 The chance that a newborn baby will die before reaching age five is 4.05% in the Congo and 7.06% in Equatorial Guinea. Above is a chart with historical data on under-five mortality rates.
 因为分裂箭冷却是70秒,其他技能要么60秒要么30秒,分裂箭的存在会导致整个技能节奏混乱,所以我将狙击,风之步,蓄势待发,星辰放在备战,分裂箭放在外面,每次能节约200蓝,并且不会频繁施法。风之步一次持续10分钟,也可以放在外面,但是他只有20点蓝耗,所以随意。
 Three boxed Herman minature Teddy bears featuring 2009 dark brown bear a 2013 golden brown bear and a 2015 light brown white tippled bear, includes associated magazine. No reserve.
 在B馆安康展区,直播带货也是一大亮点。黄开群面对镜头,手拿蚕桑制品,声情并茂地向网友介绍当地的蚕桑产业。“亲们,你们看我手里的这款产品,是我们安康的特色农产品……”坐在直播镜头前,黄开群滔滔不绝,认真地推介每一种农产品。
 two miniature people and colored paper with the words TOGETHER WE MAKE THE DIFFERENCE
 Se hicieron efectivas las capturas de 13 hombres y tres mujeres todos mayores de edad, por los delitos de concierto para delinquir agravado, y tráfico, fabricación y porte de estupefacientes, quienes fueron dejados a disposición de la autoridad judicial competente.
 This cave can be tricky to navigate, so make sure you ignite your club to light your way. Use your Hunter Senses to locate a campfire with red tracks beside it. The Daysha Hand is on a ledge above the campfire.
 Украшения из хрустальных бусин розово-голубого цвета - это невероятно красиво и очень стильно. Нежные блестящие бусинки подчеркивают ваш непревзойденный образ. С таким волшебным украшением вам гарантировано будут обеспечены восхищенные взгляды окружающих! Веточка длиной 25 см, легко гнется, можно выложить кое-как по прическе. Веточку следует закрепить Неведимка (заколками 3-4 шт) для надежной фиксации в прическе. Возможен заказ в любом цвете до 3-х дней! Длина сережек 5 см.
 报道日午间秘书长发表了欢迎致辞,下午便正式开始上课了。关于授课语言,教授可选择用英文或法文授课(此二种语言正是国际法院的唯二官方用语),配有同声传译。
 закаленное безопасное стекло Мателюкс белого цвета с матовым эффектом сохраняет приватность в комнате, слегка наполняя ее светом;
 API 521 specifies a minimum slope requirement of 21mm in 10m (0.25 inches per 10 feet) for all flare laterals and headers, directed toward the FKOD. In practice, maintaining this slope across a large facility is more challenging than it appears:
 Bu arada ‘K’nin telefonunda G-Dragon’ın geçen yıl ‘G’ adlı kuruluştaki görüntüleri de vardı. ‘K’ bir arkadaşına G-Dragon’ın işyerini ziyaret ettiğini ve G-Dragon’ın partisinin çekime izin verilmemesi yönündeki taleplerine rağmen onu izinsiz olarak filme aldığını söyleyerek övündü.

+---+

GOAL OF THE EXERCISE: Your response should contain each line of the entries above that holds the string "цвета".

ANSWER AREA:
 Украшения из хрустальных бусин розово-голубого цвета - это невероятно красиво и очень стильно. Нежные блестящие бусинки подчеркивают ваш непревзойденный образ. С таким волшебным украшением вам гарантировано будут обеспечены восхищенные взгляды окружающих! Веточка длиной 25 см, легко гнется, можно выложить кое-как по прическе. Веточку следует закрепить Неведимка (заколками 3-4 шт) для надежной фиксации в прическе. Возможен заказ в любом цвете до 3-х дней! Длина сережек 5 см.
 закаленное безопасное стекло Мателюкс белого цвета с матовым эффектом сохраняет приватность в комнате, слегка наполняя ее светом;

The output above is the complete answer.